The ban imposed on the Banks from dealing in cryptocurrency by the RBI was a “moral ban” and was not backed by any study to show the adverse effect of cryptocurrency, submitted the petitioner body represented by Advocate Ashim Sood.

While making his case against the ban on this virtual “currency”, Sood argued that cryptocurrency is not an actual currency but in common parlance, it is called so. Cryptocurrency, such as bitcoins, is in fact a commodity, Sood argued, which has a value that is ascribed to it.

Comparing cryptocurrency with diamonds and casino chips, Sood said that these items have corresponding values given to them by the users and cannot be called as actual currency.

It was also submitted that the integrity of the Blockchain technology, of which cryptocurrency is a part, is not under question and therefore a complete ban ought not to have been imposed. Further, it was submitted that the ban was imposed by the Central Bank without having conducted a study and the same was admitted to by the RBI in response to a Right to Information (RTI) application filed in that regard.

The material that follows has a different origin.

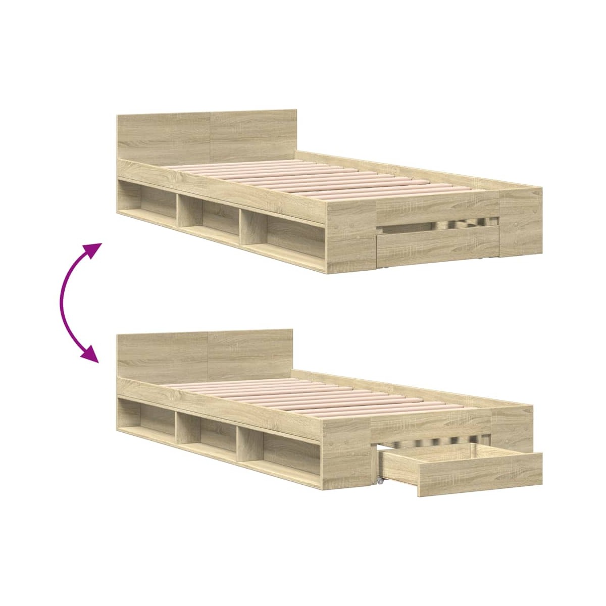 ¡Añade un toque moderno a tu dormitorio con esta estructura de cama con cajón! Es un aporte práctico y decorativo para tu hogar. Material duradero: La estructura de la cama está hecha de madera de ingeniería. La madera de ingeniería tiene una calidad excepcional, con una superficie lisa y también con fuerza, estabilidad y resistencia a la humedad.Listones robustos: Los listones de madera contrachapada proporcionan una buena distribución del peso, lo que garantiza que el colchón se mantenga en tu sitio con cada giro y vuelta del cuerpo mientras duermes.Función de almacenamiento: El cajón de la cama y los compartimentos laterales incluidos brindan un amplio espacio de almacenamiento para guardar tus elementos esenciales, manteniendo tu habitación limpia y ordenada. Información útil:El colchón no está incluido con la cama. Disponemos de una variada selección de colchones. Puedes echar un vistazo a nuestra tienda para buscar el colchón correspondiente.

The Bench of Justices Rohinton Nariman and Surya Kant has asked the petitioner body to submit a chart with details pertaining to all the countries and judgments by Courts of other countries where regulation of cryptocurrency was favoured over the imposition of a complete ban.

The arguments in this batch of petitions challenging the RBI’s April 6, 2018 circular will continue next week.

On April 6 in 2018, the RBI passed a Circular disallowing regulated bodies and entities from dealing in virtual currency or cryptocurrency. This Circular also banned regulated entities from offering services to those who deal in cryptocurrency. The deadline for adhering to this Circular and winding up all cryptocurrency dealings was set for three months from the date the order was passed.

Various petitioners had moved the Supreme Court challenging this circular and had sought a stay on its implementation. While the court had agreed to hear the matter, no stay on the circular was granted.